Looking for patterns - page 29

 
Aleksei Stepanenko:

Maznev Project Rails.

Thank you very much, Alexey!

Regarding the take, the system seems to be 161.8% from the body of the bigger candle. But one really needs to look at the history.

The authors of this system take into account not only two candles next to each other, but sometimes a pattern of 3 or 4 candles, which eventually forms a reversal.

 
Vitaliy Maznev:
but sometimes a pattern of 3 or 4 candles that eventually forms a reversal.

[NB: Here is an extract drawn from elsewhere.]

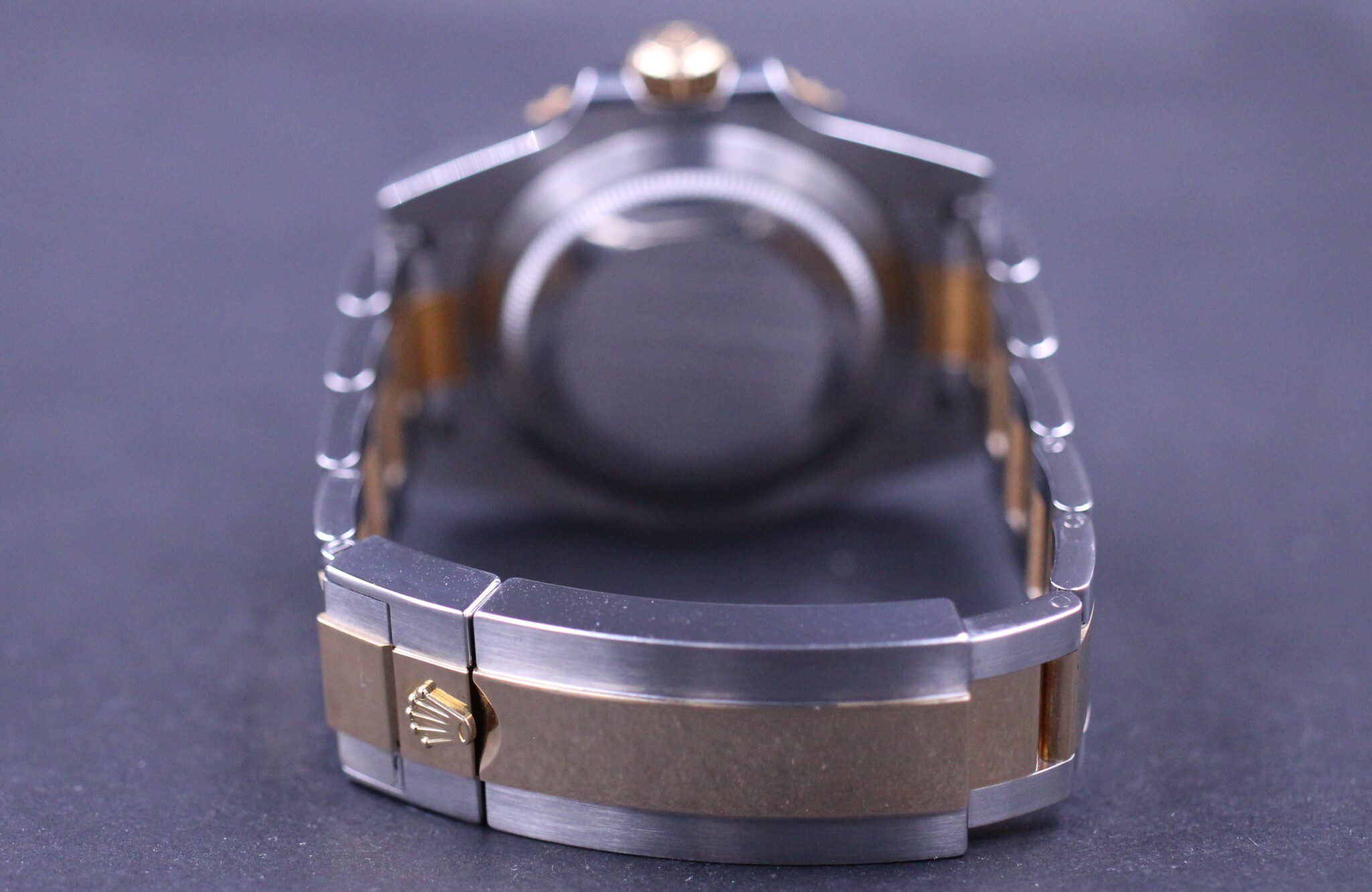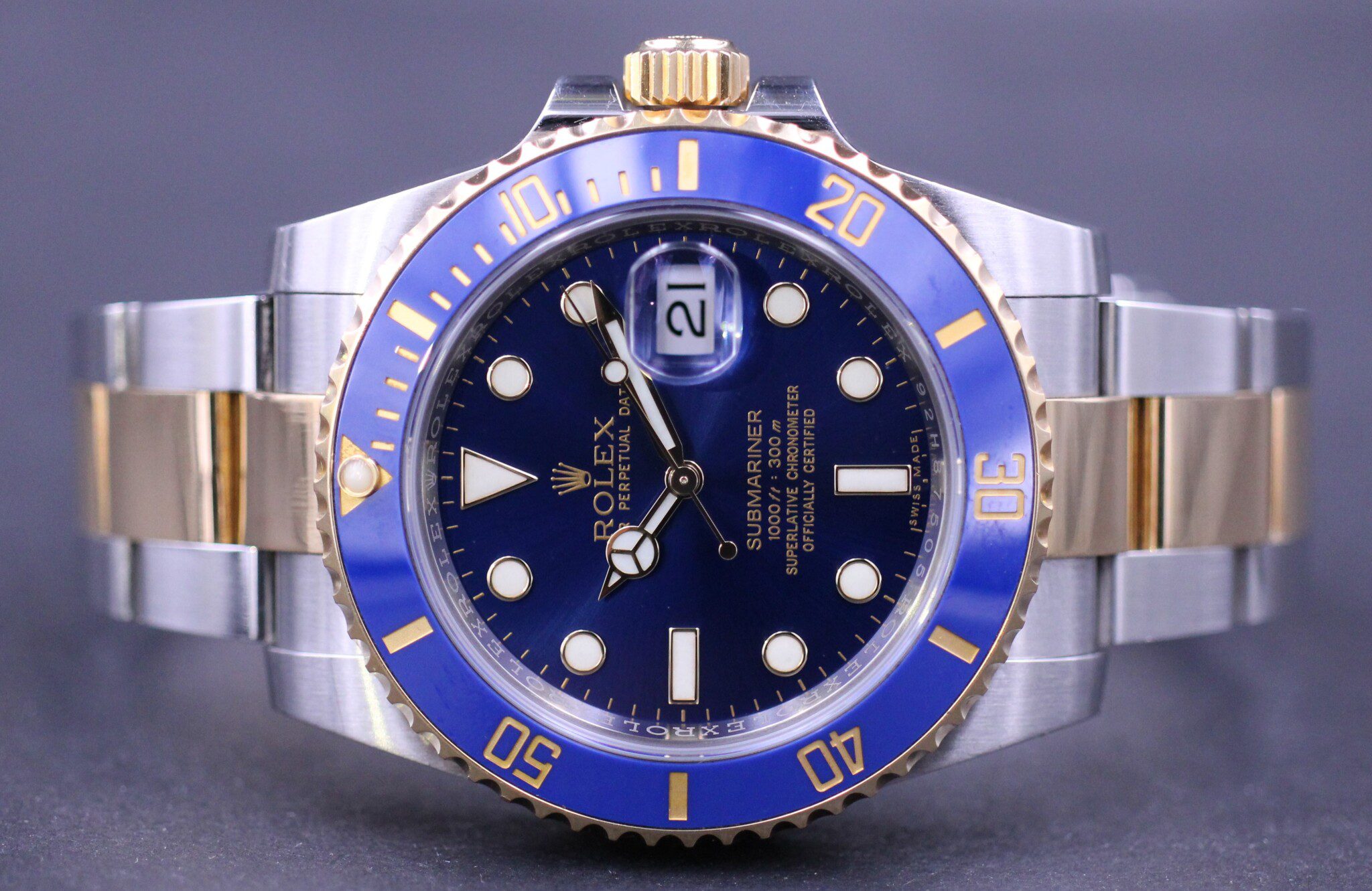 Den udgåede Submariner med den keramiske blå krans. Uret er monteret med den super flotte blå sunburst skive og udført i guld/stål. Uret er med et cal. 3135 værk og låsen er udstyret med Glidelock extension.
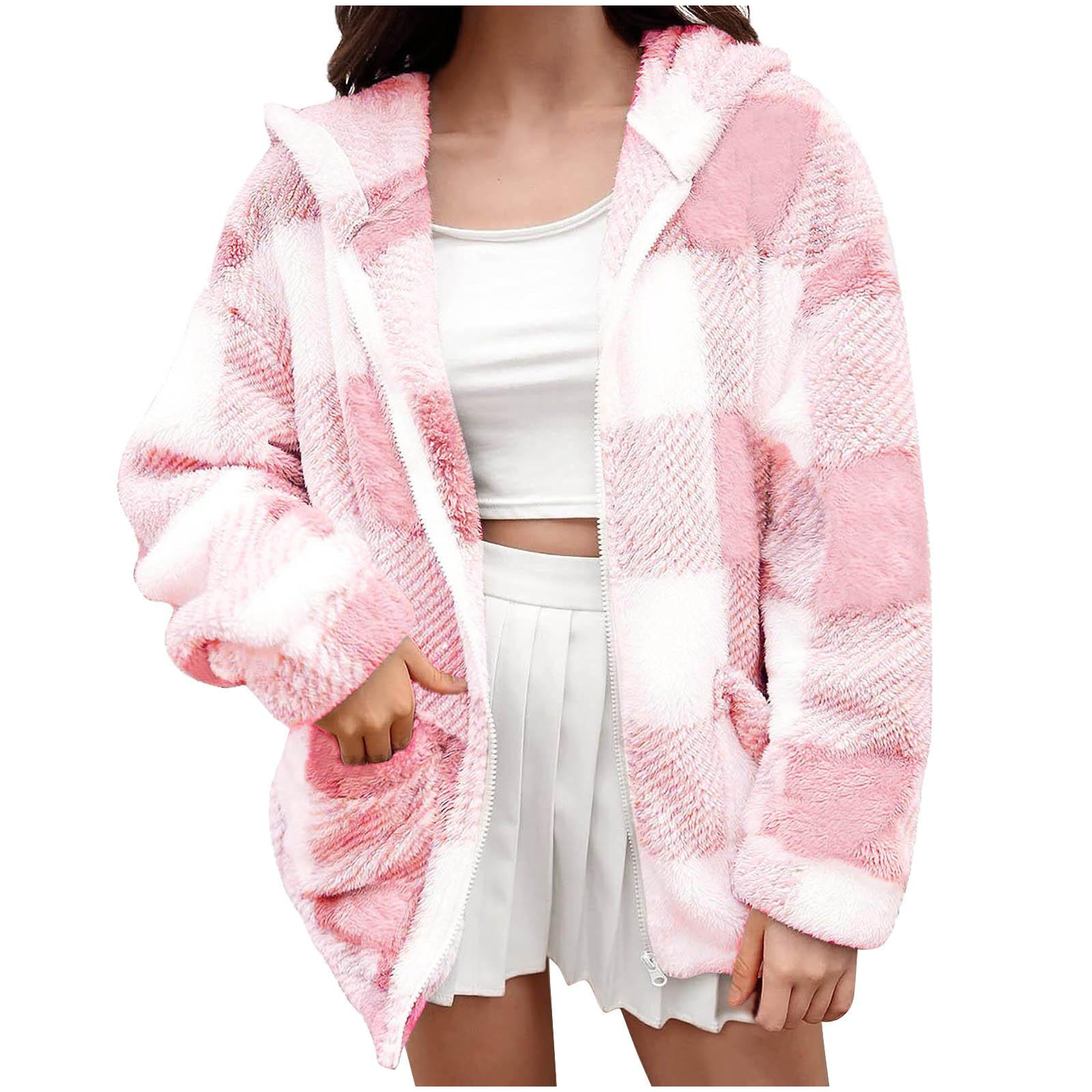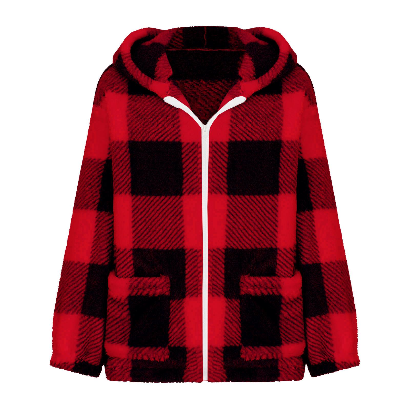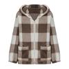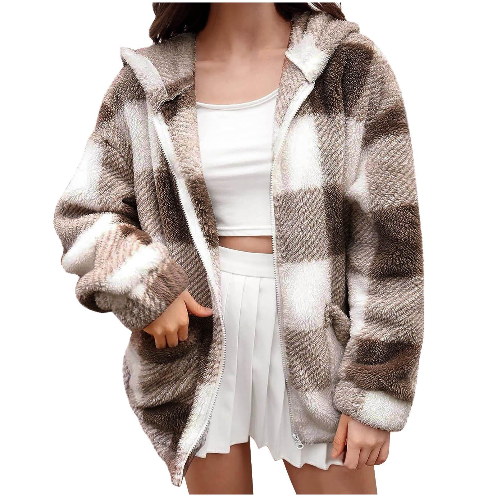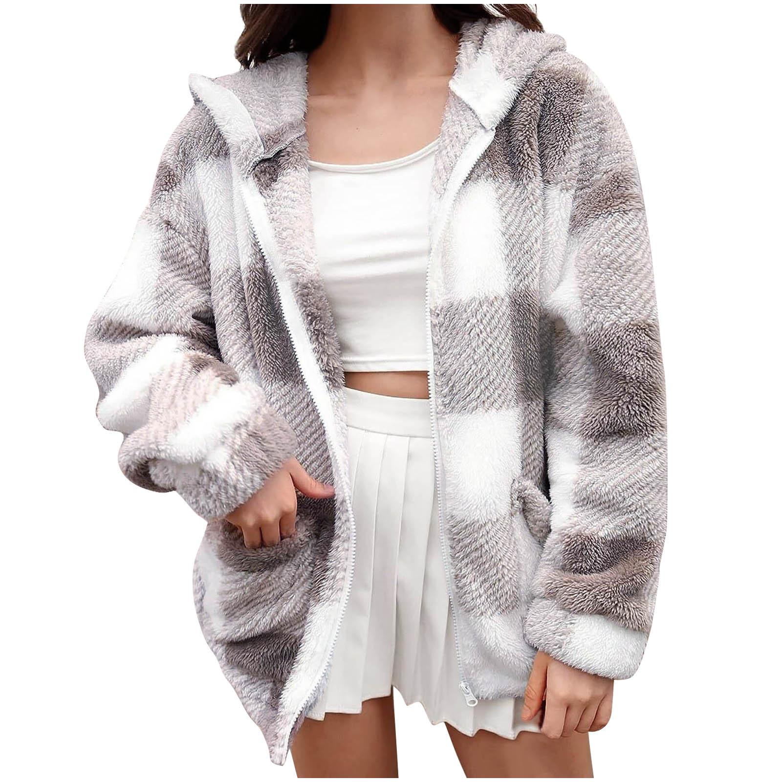 Novo 2024 Amazon Outono e Inverno Elegante Xadrez Solto Casual Manga Longa com Capuz Peludo Cardigan Jaqueta com Zíper

Vitaly, formulate the condition or show me where to read it.

 
Maxim Romanov:
The field is such that those who know are reluctant to share knowledge because it is not profitable to educate their rivals.)
But okay, here's another pattern. If we take the market as a source of entropy, and two people trade against each other, the probability of winning is greater for the one who has more money. For example, two people are playing, one has $100, the other $10000. Then the other one will come up with $1000, and he will also divest the one who has more money. So the one who has more money will win. Hence, the abstract strategy: if you find a specific participant and trade against him, then you can earn more money, even if the market is random. By the way, only those who have access to certain information do not disdain this algorithm.
If two people are playing, the probability to win is greater for the one who takes the market price, opening a deal to his detriment (he loses a pip). Those who take on the market and move the price. This is the basis of the principle of price movement.

The one who has more money can move the price in its direction, but not the fact that this movement will pay off and be supported by other participants.

It is elementary to buy big volumes, by absorbing positions of sellers, for example. But where is the guarantee that the market will continue to move in the same direction?
 
Aleksei Stepanenko:

Vitaly, formulate the condition or show me where to read it.


Borrowed the picture from the author. The candle on the left is longer than usual, followed by not one long candle but two in a row, but in general forming the pattern in question. The point is that one should really define the conditions and criteria according to which the pattern is defined. I've never thought in that format. It will take some thought to identify the main features which can be expressed in the language of the code.

 
Реter Konow:
If two people are playing, the probability to win is greater for the one who takes the market price, opening a deal to his detriment (he loses a point). Those who take on the market and move the price. This is the basis of the principle of price movement.

Why do you think so? As much as I have thought about this point, I have come to the conclusion that being a liquidity provider (placing bids) is more profitable than buying back those bids on the market. Whoever clicks on the market is at a definite disadvantage according to my calculations. Explain your point of view, please.

That's how the market is built, we do not agree on an elementary question), we estimate our own profit differently. And then each participant individually assesses the benefit and it's on)

 

By the way, here are more examples of reversal patterns, which also fall under@RomFil's idea describedhere. In the sense that they can be identified by OHLC and practically by a single bar.




Ищем закономерности
Ищем закономерности
  • 2020.02.17
  • www.mql5.com
Привет, хлопцы! Предлагаю всем делиться найденными закономерностями...
 
Roman Kutemov:
Will the bar size be different for day/night here?
For bollinger-like systems, no.
 
Maxim Romanov:

Why do you think so?

Maxim and Pyotr, think about how this could be applied to us, because this conversation could go on for a long time

 
Maxim Romanov:

Why do you think so? As much as I have thought about this point, I have come to the conclusion that being a liquidity provider (placing bids) is more profitable than buying back those bids on the market. Whoever clicks on the market is at a definite disadvantage according to my calculations. Explain your point of view, please.

That's how the market is built, we do not agree on an elementary question), we estimate our own profit differently. And then each participant individually evaluates the benefits, and the game begins).

It's simple))

You and I make a deal. You sell the apple, I buy. You say: 5 rubles, I say: 4 rubles! The price is undetermined between us, and nothing happens. And then I got tired of waiting and said: fine! Let it be 5 roubles! And I buy an apple. I took the market price, and you sold at the limit price. You sold it to your own advantage, but I moved the price up. Even if to my detriment, I showed my confidence to the other buyers that the apple was worth it. And the others, seeing my determination, start buying apples from the sellers after me. The latter, seeing the demand, out of greed raise the price, but the chain reaction is set in motion and the buyers cannot be stopped. And then, the sellers start losing money. Their positions go into deficit because they raise the price themselves, and I, who set the example and was at the beginning of the movement, get the maximum profit).
 
Vitaliy Maznev:

Here are more examples of reversal patterns by the way,

OK, let's get the Rails out of the way first. I think the 2 candles absorbing the previous one can be attributed to this pattern. The rest of the patterns will be done separately.